Rather typical female of M. sartor from West Ukraine (near Rakhov) is preserved in Zoological Institute (S.-Petersburg). A series of M. sartor from West Belorussia (Belovezhskaya Pushcha) was received by me from A.Pisanenko. So, M. urussovi is replaced here by M. sartor, and does not penetrate to Slovakia or to Poland.
      Several series of M. sartor were received by me for study from different districts of Lithuania (Kazlu Ruda, Širvintos, Šiauliai, Vilnius env., Kaunas env.) from Vytautas Tamutis, so all records of M. urussovii (rosenmuelleri auct.,) for Lithuania were wrong (Danilevsky, 2012c: 119).
      Separate species M. urussovii and M. sartor were accepted by Rossa et al. (2016) on the base of wing venation.
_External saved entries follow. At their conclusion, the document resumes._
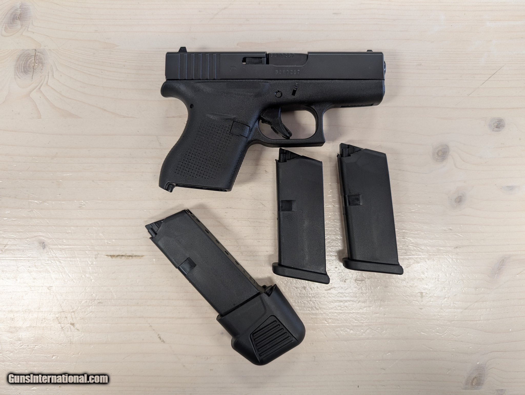 Description: Guns Listing ID: 485525 The already legendary G43 is a single stack, 9mm Luger caliber pistol. It is ultra-concealable, accurate and a fantastic tool for all shooters regardless of one‚‚s hand size. The grip has a built-in beaver tail design which allows the shooter to acquire a high and tight grip. The aggressive texture of the grip surface allows for comfortable and reliable operation of the pistol. The large magazine catch makes quick work of removing the six round magazine. Engineered based on the same superlative standards that GLOCK is famous for, the tiny G43 tolerates the same torture tests all its bigger brothers in the GLOCK pistol family withstand. Includes two 6-round magazines. Glock 43 Specifications Caliber: 9mm Luger Model: Glock 43 Series: Subcompact Type: Pistol Frame: Finish Black Action: DAO Slide Description: Black Capacity: 6 Magazines: 3 Barrel Length: 3.4\" Barrel Type: Cold Hammer-Forged Polygonal Rifled Frame Material: Polymer Grips: Black Polymer Grip/Frame Safety: Trigger/Firing Pin/Drop Weight: 17.9 oz Made in the USA The Glock 43 is the ideal concealed carry firearm, especially in hot environments where you require a small firearm for the most concealment possible. The Glock 43 is ultra-reliable, lightweight, and capable of firing almost any 9mm ammo SOLD Manufacturer: GLOCK Model: G43 Caliber Info: 9MM LUGER (9X19 PARA) Condition: Used - Non-Certified Barrels: 3.5 BARREL Action: STRIKER Weight: 1.1 lbs. |
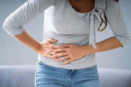 stomach ache. Asian men have abdominal pain, indigestion, gastritis, menstrual cramps, flatulence, diarrhea, distention, colon cancer, belly inflammation problem, suffer food poisoning, abdomen
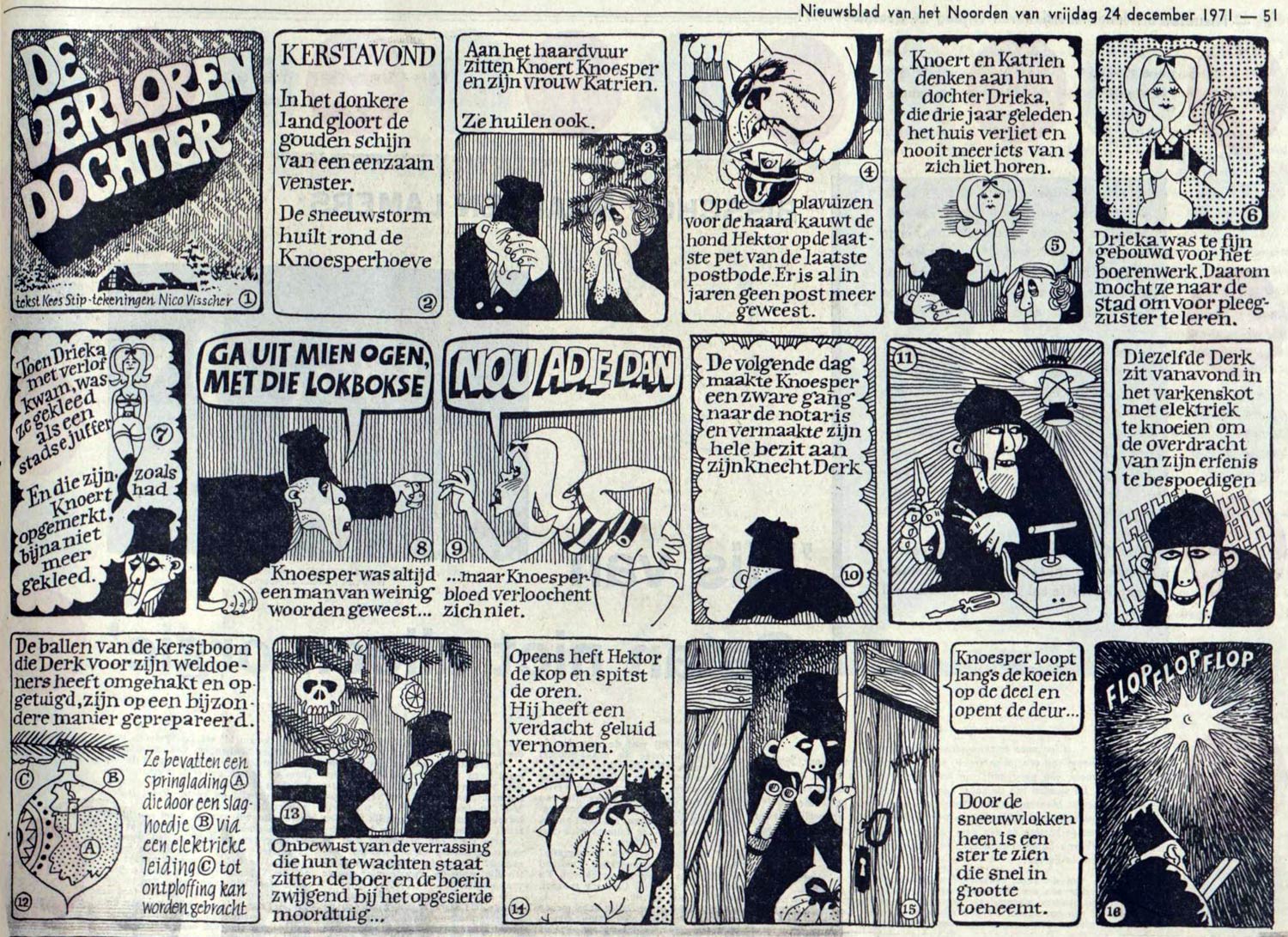 On 24 December 1971, Nieuwsblad van het Noorden additionally printed a one-shot comic by Visscher and Kees Stip: the contemporary Christmas story 'De Verloren Dochter' ("The Lost Daughter"), about farmer Knoert Knoesper, whose voluptuous daughter Drieka returns from the city.

Though a zone of hybridization (after secondary contact between the two species in the Holocene) in Bialowiezan forest (Poland) was observed.
      Two subspecies (M.s.sartor and M.s.urussovii) were accepted by Plewa et al. (2018) on the base of different reasons. More over the most western (Scandinavia, Baltic contries, Western Belorussia) populations of “M.s.urussovii” differ noticeably from populatons of European Russia and Asia.